À la radio publique la séparation entre programmes et information a toujours été claire. La directrice, le directeur des programmes n'a pas de "pouvoir" sur la rédaction (1), même si Laurence Bloch est partie prenante du choix des invités de la matinale. Cette séparation entre saltimbanques et journalistes plusieurs responsables ont fait des pieds et des mains pour "rapprocher les programmes de l'info". En vain. En recevant Élisabeth Lemoine dans L'Instant M sur France Inter vendredi dernier, Sonia Devillers a commencé par l'interroger par un incident récent qui met en jeu la rédaction de "CàVous" et la rédaction de France Télévisions.
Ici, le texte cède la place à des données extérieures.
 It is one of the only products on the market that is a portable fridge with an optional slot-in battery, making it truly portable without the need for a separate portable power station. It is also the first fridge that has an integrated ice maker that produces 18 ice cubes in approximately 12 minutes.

Les journalistes de cette rédaction de télévision ont posé une motion de défiance à l'égard du Directeur de l'information Laurent Guimier. En cause, pour le déplacement récent d'Emmanuel Macron en Ukraine, la rédaction nationale de France Télévisions n'a pas été invitée à suivre le chef de l'État. Le Syndicat National des Journalistes (SNJ) de FTV considère que C à Vous n'est pas une émission d'information et que l'émission n'appartient pas à la rédaction de FTV. Lemoine s'explique clairement et précise que C à Vous est produite par une société privée (2) et considère être une émission d'information.
Si je relève cette anecdote télévisuelle c'est que, sur le sujet des territoires de l'information et des chasses gardées, il y a eu des précédents à France Inter au début des années 80. Les journalistes déniant aux saltimbanques de "marcher sur leur plates-bandes"… C'est une autre histoire (et je la connais) ! Depuis, quelques prophètes ont tenté, la fusion. Sans succès.
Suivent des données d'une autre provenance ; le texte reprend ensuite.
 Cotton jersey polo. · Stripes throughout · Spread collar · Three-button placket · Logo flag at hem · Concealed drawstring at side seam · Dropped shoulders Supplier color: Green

Ce qui n'en est pas une histoire c'est le principe de programmes - ici d'infos - fabriqués en interne par des salariés de France Télévisions (3) qui, au rythme des chaînes et des programmes de France Télévisions, sont diffusés à côté des programmes (divertissement et infos) achetées aux sociétés de production privées. L'incident pose la question "France Télévisions peut-elle confier des émissions d'information à des prestataires extérieurs ?".
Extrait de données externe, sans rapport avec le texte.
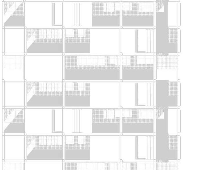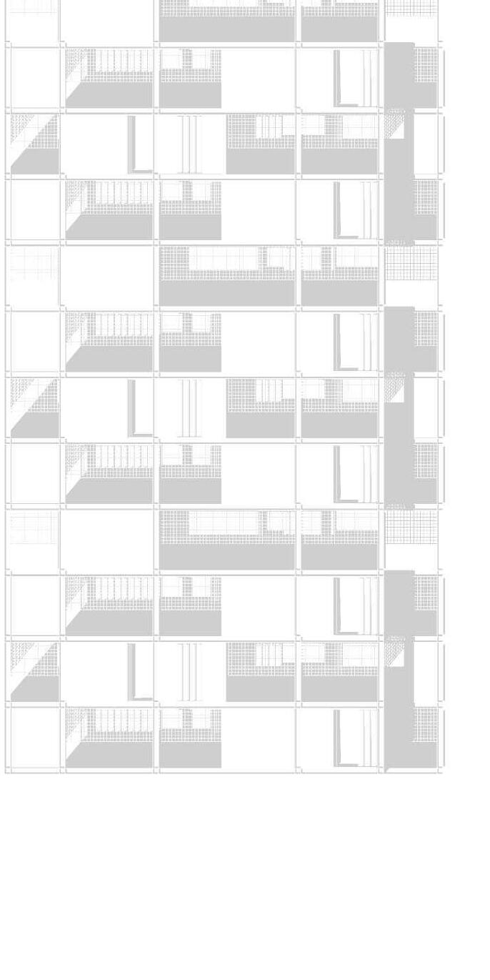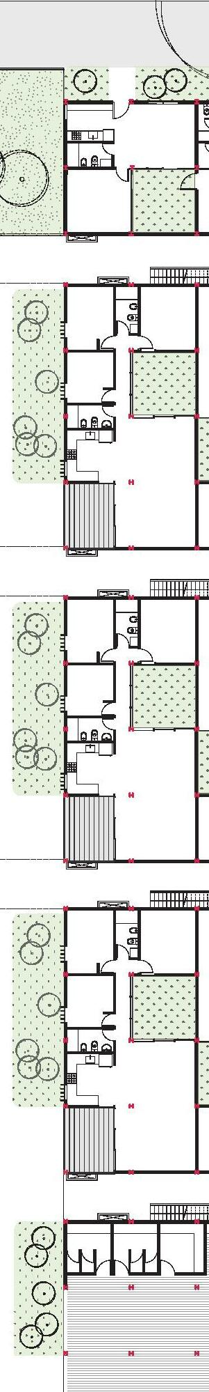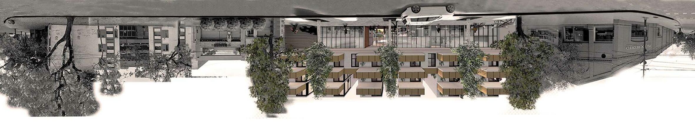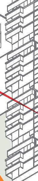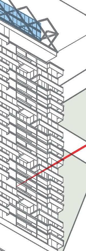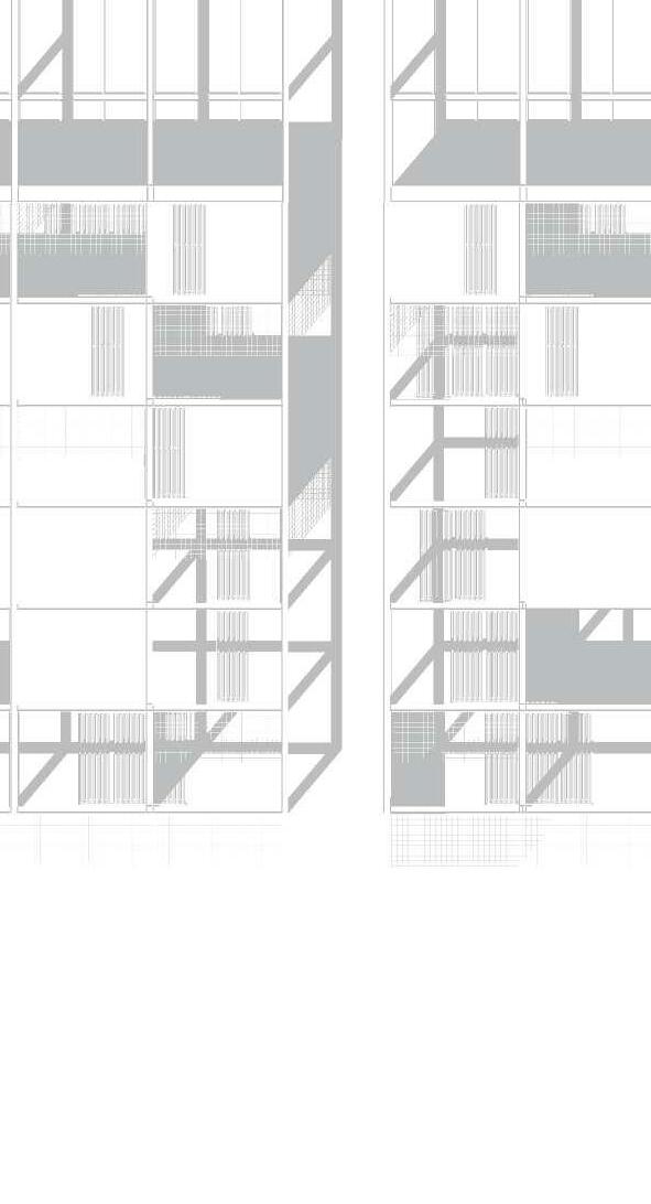 El proyecto ubicado en el area sur de Rosario Consta de 5 volúmenes, comprendidos por 3 tiras, 1 bloque en L y 1 torre con basamento,aportando 238 nuevas viviendas. La estrategia de implantación utilizada se basó en: 1_Retirar la torre de la esquina cediendo el espacio a la ciudad en un recorrido comercial, con la idea de que los parques dialoguen mejor entre sí. 2_El bloque en L y las tiras interior se posicionan en sentido este-oeste, buscando la iluminación natural de los patios compartidos y aprovechando la condición de protección natural que proveen los árboles del parque y calles aledañas, sumado a los parasoles verticales Una vez definida la implantación la idea principal del proyecto es generar patios en altura, mediante la sustracción y rotación de volúmenes, produciendo una variación morfológica, estas generan una serie de “ventanas” visuales hacia el extenso parque y los equipamientos públicos del entorno

Delarue,Elkabbach, Arthur |
Si je relève aujourd'hui cet état de fait c'est qu'il en ira bientôt de même pour la radio. Comment ? Dès que la co-production avec des studios privés de création audio sera ouverte à Radio France. Cette co-prod, à géométrie variable (4), sera immédiatement en concurrence avec les "productions maisons Radio France". Les productrices-producteurs, réalisatrices-réalisateurs, techniciennes-techniciens sons verront leur charge de travail diminuer et peut-être à terme, comme c'est arrivé pour la TV, il n'y aura plus que des productions externes qui seront diffusées sur le service public (5).
Je n'agite pas le chiffon rouge pour faire du catastrophisme. L'éparpillement façon puzzle de l'ORTF par Giscard, en 1975, en créant sept sociétés publiques indépendantes a vu progressivement une diminution des commandes de la TV publique à la SFP (Société Française de Production) au bénéfice des sociétés privées. Les fameuses patates des producteurs (Arthur, Nagui, Delarue) moquées par Les guignols de l'info et qui, dès 1996, ont changé la donne de production.
Il pourra alors y avoir à la radio des émissions d'information produites par des journalistes (avec ou sans carte de presse, la CP n'étant pas le préalable à l'embauche) pour une société privée qui aura signé un contrat de diffusion avec Radio France. Voilà en quelques lignes les effets délétères du libéralisme de Giscard et de ce qui risque d'être la politique du nouveau gouvernement. En annulant la CAP (Contribution à l'Audiovisuel Public) les resources de l'audiovisuel public sont fragilisées et leur pérennité aléatoire. Ce sont les principes mêmes de la création publique qui sont remis en cause. CQFD !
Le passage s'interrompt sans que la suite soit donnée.